In Ireport legst du dann einfach eine neues Field an. Das Field ist eine Property deiner Bean auf das über den Getter zugegriffen wird. Du kannst dem Report aber auch einfach einen Parameter übergeben z.b. für den Titel, Footertext etc.
Guck dir mal die Beispiele im Ordner Samples von JasperReports an. Da siehste schon was man alles damit machen kann z.b. Crosstabs, Subereports und was weiß ich noch alles.


----------



## KEhlers (13. Aug 2008)

Danke foobar für deine Antwort



			
				foobar hat gesagt.:
			
		

> In Ireport legst du dann einfach eine neues Field an. Das Field ist eine Property deiner Bean auf das über den Getter zugegriffen wird.



Ich habe meine Problemstellung nicht ausreichend dargestellt. Das Problem ist, dass mein Object "Record" nicht selber die Daten als Attribute speichert sondern selbst über die Methoden wie z.B. getValue(...) anfragen an die Oracle Datenbank schickt um die Daten zu sammeln. 

Ich muss also tatsächlich die Funktionen getValue(...), getAttribute(...) aufrufen um über die Rückgabewerte an die Daten zu kommen. 

Ist das auch irgendwie umsetzbar?

Danke nochmal


----------



## KEhlers (13. Aug 2008)

vielleicht könnte ich mir eine wrapper Klasse schreiben die mir in einer hashmap die zurueckgegeben werte der Funktionsaufrufe abspeichert...

Aus dem Report wird zb "0;0;0;initials" gelesen und darauf wird getValue(0,0,0,initials) aufgerufen. Aber wie bringe ich ihn dazu die Funktion aufzurufen?

ich muss mir das mal ansehen ganz so firm bin ich in dem jetzt noch nicht. Könnte das irgendwie gehen?

edit: nunja wenn ich das richtig verstehe wird, wenn im report das Field "0;0;0;initials" gelesen wird die Methode get0;0;0;initials aufgerufen. Das bringt mich natuerlich nicht weiter, selbst wenn man den Namen so vergeben würde das es funktioniert. Ich kann ja nicht für jede Kombination aus Parametern eine neue Methode schreiben. Gibt es eine Möglichkeit den gettern einen Parameter mit zu übergeben?

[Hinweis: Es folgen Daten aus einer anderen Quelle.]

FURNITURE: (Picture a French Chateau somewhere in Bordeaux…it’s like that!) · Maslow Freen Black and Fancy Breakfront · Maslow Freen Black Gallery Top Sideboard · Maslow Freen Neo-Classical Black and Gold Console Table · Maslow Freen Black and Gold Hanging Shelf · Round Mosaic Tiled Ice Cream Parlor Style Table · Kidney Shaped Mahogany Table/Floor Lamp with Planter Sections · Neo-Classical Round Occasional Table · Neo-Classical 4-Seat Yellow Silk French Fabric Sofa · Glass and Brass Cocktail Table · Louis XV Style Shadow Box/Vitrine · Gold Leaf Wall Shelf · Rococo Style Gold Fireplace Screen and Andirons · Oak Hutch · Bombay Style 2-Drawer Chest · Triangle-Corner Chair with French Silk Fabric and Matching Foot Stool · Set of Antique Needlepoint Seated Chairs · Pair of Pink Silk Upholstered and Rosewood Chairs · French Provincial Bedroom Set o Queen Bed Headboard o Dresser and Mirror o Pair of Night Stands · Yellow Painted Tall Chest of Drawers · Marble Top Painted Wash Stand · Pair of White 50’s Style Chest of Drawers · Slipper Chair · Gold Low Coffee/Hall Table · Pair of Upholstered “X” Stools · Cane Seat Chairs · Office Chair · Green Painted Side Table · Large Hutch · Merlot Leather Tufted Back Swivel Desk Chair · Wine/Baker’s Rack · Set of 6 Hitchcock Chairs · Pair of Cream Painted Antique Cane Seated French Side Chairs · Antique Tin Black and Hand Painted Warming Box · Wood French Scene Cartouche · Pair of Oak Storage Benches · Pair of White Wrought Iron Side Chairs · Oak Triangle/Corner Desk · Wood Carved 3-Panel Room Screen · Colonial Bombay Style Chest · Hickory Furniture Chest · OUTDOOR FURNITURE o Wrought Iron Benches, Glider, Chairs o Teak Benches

Und noch eine Frage in iReport muss ich eine Factory Klasse angeben sonst funktioniert das ganze nicht. In meinem Fall brauche ich das aber gar nicht, kann ich das dann auch irgendwie weglassen?


----------



## foobar (13. Aug 2008)

Achso du willst keine Beans(Entities) an den Report  übergeben sondern Services(Geschäftslogik) oder DAOs. 
Das macht wenig Sinn. Ich würde dei Services aufrufen und dann das Ergebnis als die Collection von Beans an Jasper übergeben.
Damit haste eine saubere Trennung. Ansonsten kannste direkt eine Jdbc Connection oder eine Hibernatesession an Jasper übergeben.


----------



## KEhlers (15. Aug 2008)

Danke nochmal foobar, ich habe das Problem jetzt gelösst. Allerdings stehe ich jetzt vor dem nächsten. Ich würde gerne in meinem Report sowohl Beans als auch eine JDBC Connection als DataSource benutzten. Ich habe gelesen das ich dafür SubReports brauche und an den SubReport die 2te DatenSource weiterreichen soll.

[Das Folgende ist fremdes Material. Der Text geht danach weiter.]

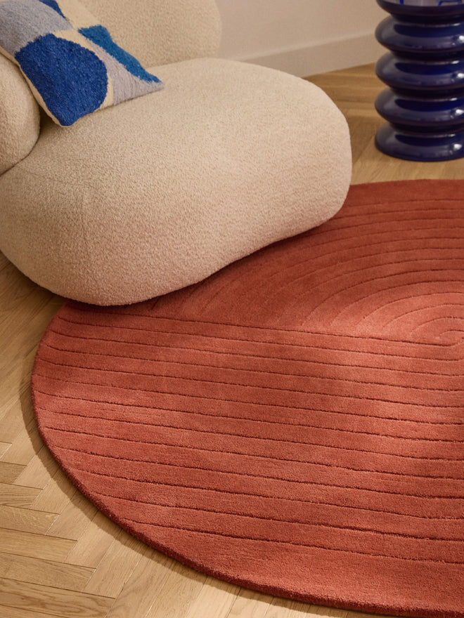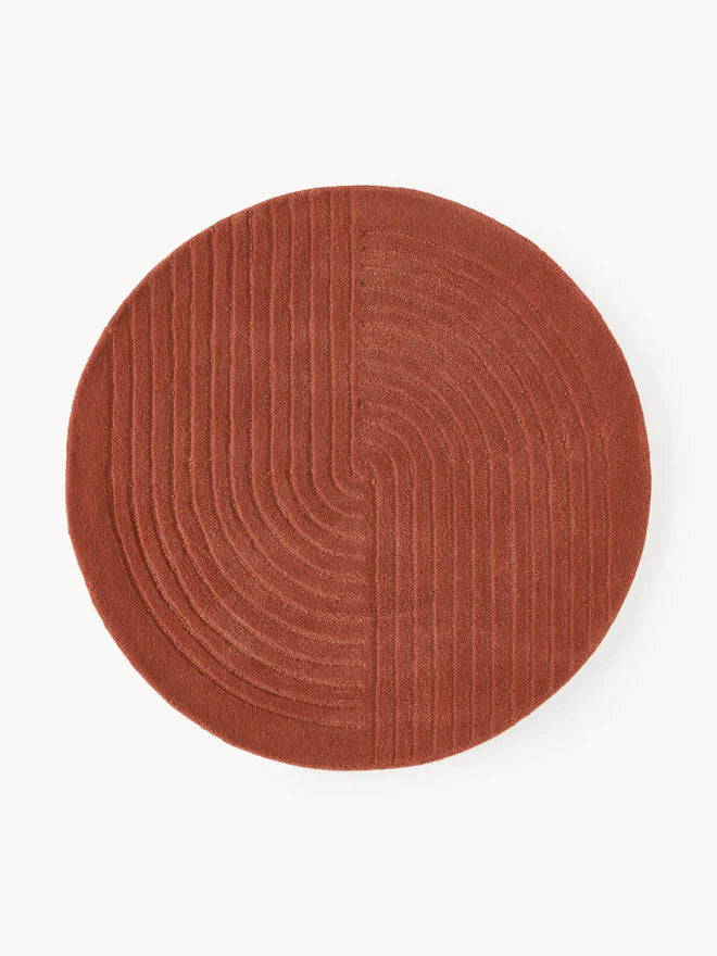 Burnt Orange Round Hand Tufted New Zealand Wool Rug

Ich verstehe allerdings nicht wie das gehen soll. Denn an meinem Masterreport den ich mit runReportToPdfStream() befülle kann nur eine der Datenquellen weitergegeben werden. 

Wie geht das bloss?

Danke


----------



## KEhlers (15. Aug 2008)

hmm vielleicht habe ich es jetzt selber rasugefunden. Wird evtl. eine Connection in der Hashmap hinzugefügt um sie dem MasterReport mitzugeben der sie dann an den subreport weiterleitet?


----------



## foobar (16. Aug 2008)

Parameter die an den Subreport übergeben werden sollen, müssen zuerst an den Masterreport übergeben werden. Von dort aus werden die Parameter dann weiter gereicht.
Guck dir dazu mal die Beispiele an. Da kannste das ganze in Aktion erleben.
Um einen Subreport in einen Masterreport einzubinden gibt es mehrere Möglichkeiten. Ich kompiliere den Subreport immer schon vorher und übergebe den kompilierten Report als Parameter. Man kann aber auch nur einen Namen oder Pfad+Namen an den Masterreport übergeben.


----------



## KEhlers (18. Aug 2008)

Okay hab gerade mal kurz reingesehen und gleich im "subreport" sample gesehen wie der kompilierte Subreport als Parameter an den Masterreport gereicht wird. Danke soweit

Jetzt ergibt sich fuer mich aber noch eine weitere Frage.

Die Erzeugung der Reports soll bei mir aus einer Java Applikation geschehen. Wie könnte ich es geschickt anstellen, dass der Fill- und Erzeugungsprozess nicht jedesmal für einen neuen Report umprogrammiert werden muss. Jeder Report benötigt ja evtl. unterschiedliche Parameter für Subreports etc. und andere Data Sources. Gibt es für dieses Problem Ansätze? 

Es wäre toll wenn es vermeidbar ist, dass der Reportschreiber jedesmal auch den Java Code umschreiben bzw. anpassen muss.

Danke


----------



## foobar (18. Aug 2008)

Das wird sich nicht vermeiden lassen, da eine Änderung des Reports aus einer fachlichen Änderung entsteht z.b. eine zusätzliche Spalte im Report. D.h. du mußt sowieso den Code ändern, um dem Report diese Daten zugänglich zu machen. Wie sollte man das variabel halten?


----------